The situation with the UK Supreme Court (left) is different in a couple of respects. First, the author of both opinions is Lord Neuberger (above), who used to be a patents judge and is respected for his specialist knowledge. Second, neither of the two decisions could be interpreted as the Supreme Court curbing the patent enthusiasm of the lower courts (as you might characterise the US Supreme Court-Federal Circuit tensions). In fact, in the HGS case, the five Supreme Court judges actually felt that the lower judges had been too strict in interpreting industrial application. And even though the Schütz case might limit some patent rights, I suspect most practitioners will welcome its common-sense approach.

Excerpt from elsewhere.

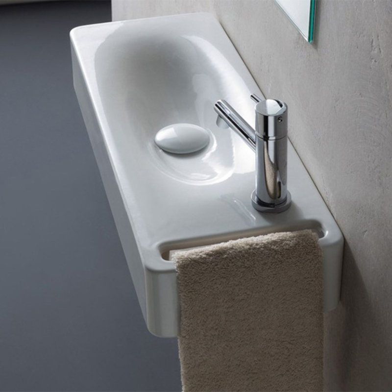 Раковина подвесная Scarabeo HUNG 1512, без перелива, с одним отверстием под смеситель, с полотенцедержателем справа, крепления в комплекте, размер 50х22х9 см, цвет белый глянцевый.

But in the bigger picture there is clearly a feeling among some judges at the highest level that they need to rein in their IP-specialist inferiors, particularly the more eccentric opinions. Hence the concerns voiced in the US about the Federal Circuit becoming a so-called caste of priests, focused on the patent detail but not the overall policy. In some cases supreme courts may even see patent-specialist judges as being like prison wardens who have spent a bit too much time with the unruly inmates – not just in court but socially and on the conference circuit too.
Given the recent record of Supreme Court reversals in both the US and UK, therefore, I think I would be just a little bit worried if I were defending the next case to come before either of them.